Search code examples
apache-flinkflink-streaming

Apache Flink: How to process three streams


I want to receive and process three streams in one operator.For example, the code implemented in Storm is as follows:

builder.setBolt("C_bolt", C_bolt(), parallelism_hint) .fieldsGrouping("A_bolt", "TRAINING", new Fields("word")) .fieldsGrouping("B_bolt", "ANALYSIS", new Fields("word")) .allGrouping("A_bolt", "SUM");

In Flink, the processing of SUM stream(A_bolt's SideOutput) and TRAINING stream(A_bolt) is implemented:

SingleOutputStreamOperator<Tuple3<String, Integer, Boolean>> A_bolt;
DataStream<Tuple2<Integer, Integer>> Sum = A_bolt.getSideOutput(outputTag).broadcast();
DataStream<Tuple3<String, String, Integer>> B_bolt;
DataStream<String> C_bolt= A_bolt
                        .keyBy(new KeySelector<Tuple3<String,Integer,Boolean>, String>() {
                                    @Override
                                    public String getKey(Tuple3<String,Integer,Boolean> in) throws Exception {
                                        return in.f0;
                                    }
                                })
                        .connect(Sum)
                        .flatMap(new Process())
                        .setParallelism(parallelism);

But I don't know how to add ANALYSIS stream(B_bolt).

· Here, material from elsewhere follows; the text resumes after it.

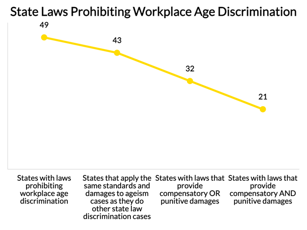 Forty-three states apply the same standards and damages to age discrimination cases as they do for other discrimination cases. Thirty-two states allow for compensatory and punitive damages, with 21 states permitting both.

Thank you for your help.


Solution

  • Flink only supports one-input and two-input stream operators. Your options are to:

    1. Use union() to create a merged stream containing all the elements from all three streams (which would have to all be of the same type, though you could use Either to assist with this).
    2. After using a coFlatMap to combine two of the streams, connect that preliminary result to the third stream, using another coFlatMap (or a coProcessFunction) to complete the processing.

    Or perhaps a combination of these two techniques is preferable in your case.